The specific projects we develop are:
- Clinical and genetic spectrum of Myomatrix and Myonucleus-related diseases: using state of the art medium to high throughput techniques (WES, WGS, RNA-seq) we pursue the identification of new genes and variants for patients orphan of molecular diagnosis in close interaction with the NMD reference center Paris-Nord/Est/Ile de France (B Eymard), the Filnemus network, the ERN Euro-NMD as well as the European consortium Solve RD (H2020 grant 2018-2022). The goal of this axis is ultimately to transfer the knowledge acquired to diagnostic procedures in reference laboratories (e.g., Cardio-& Myogenetic Functional Unit, Hospital Pitié-Salpêtrière; Biochemistry & Molecular Genetics Laboratory, Institut Cochin).
- Natural history of these diseases via national and international patient registries: we further expand the patient recruitment/inclusion in national and international registries and explore in depth the natural history of our disease of interest in order to identify diagnosis and prognosis readouts and biomarkers.

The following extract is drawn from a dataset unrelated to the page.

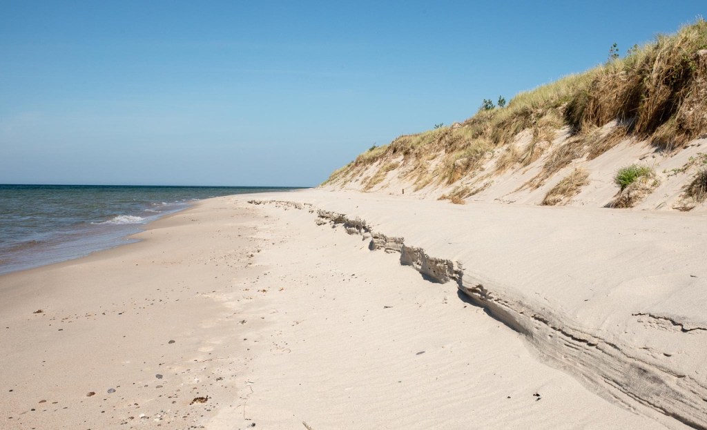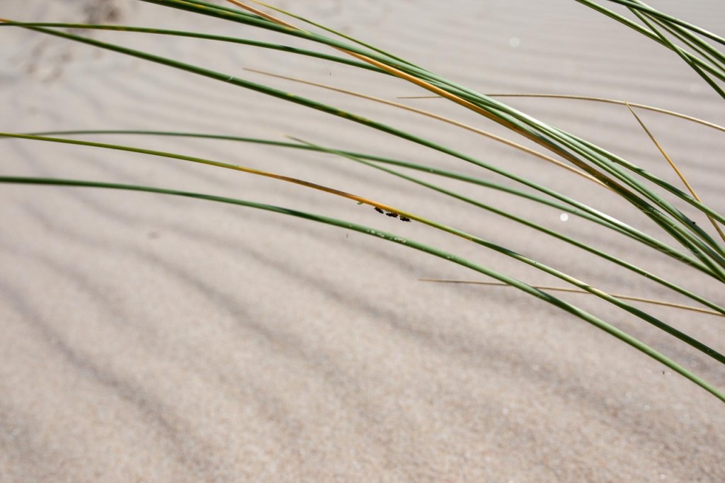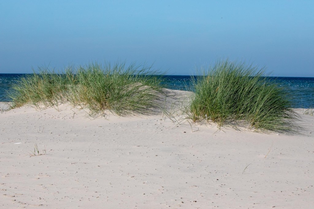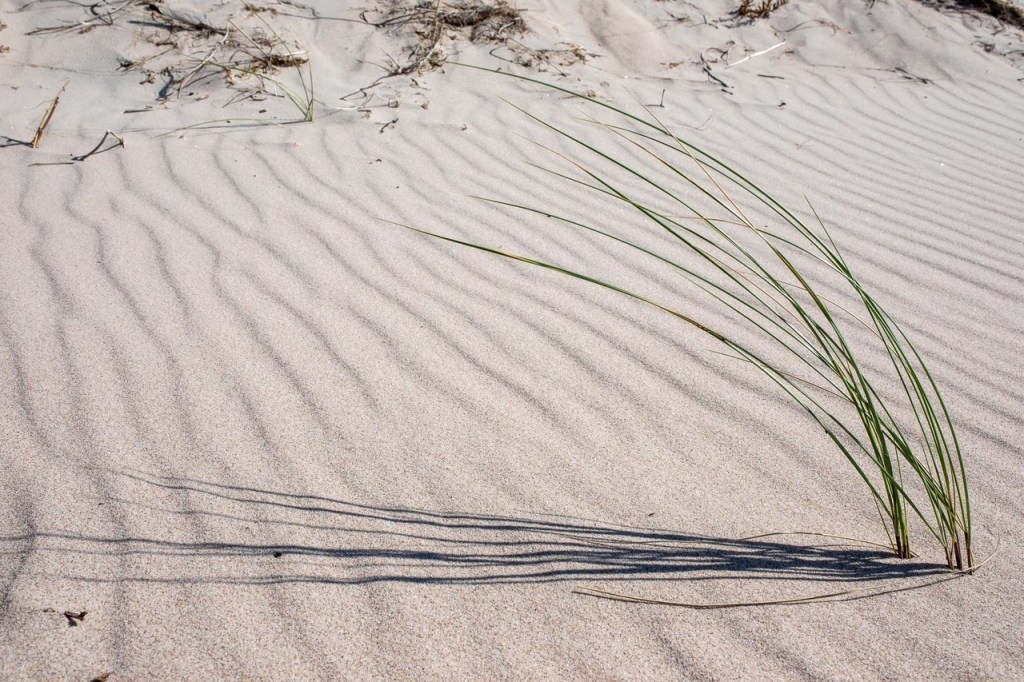 Vilopaus vid sanddynens slut, bakom skymtar äldre bevuxen sanddyn där gräs och tall kan slå rot och binda fast sanden.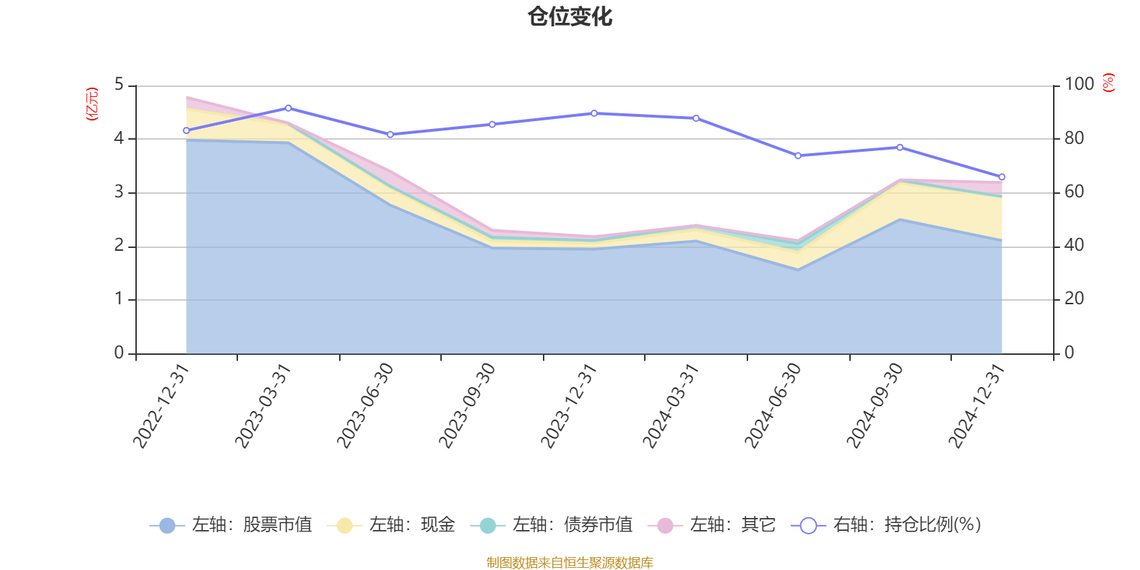 据定期报告数据统计,成立以来平均股票仓位为81.8%,同类平均为86.41%。2023年一季度末基金达到91.58%的最高仓位,2024年末最低,为65.91%。

- Deciphering the structure & function of Myomatrix and Myonucleus in health and disease: using the different cellular and animal models available as well as novel models when needed, we aim to decipher further the structure and function of proteins currently known but also of new candidates identified through our investigations, i.e. A-type lamins and related nuclear envelope components, Collagen VI and related extracellular matrix components. In particular, signaling pathways and molecular pathomechanisms are investigated in order to identify relevant and innovative therapeutic targets.
Regarding translation and patient benefit, these different research axes allow us to identify and characterize new genes, phenotypical spectra, related pathomechanisms and therapeutic targets.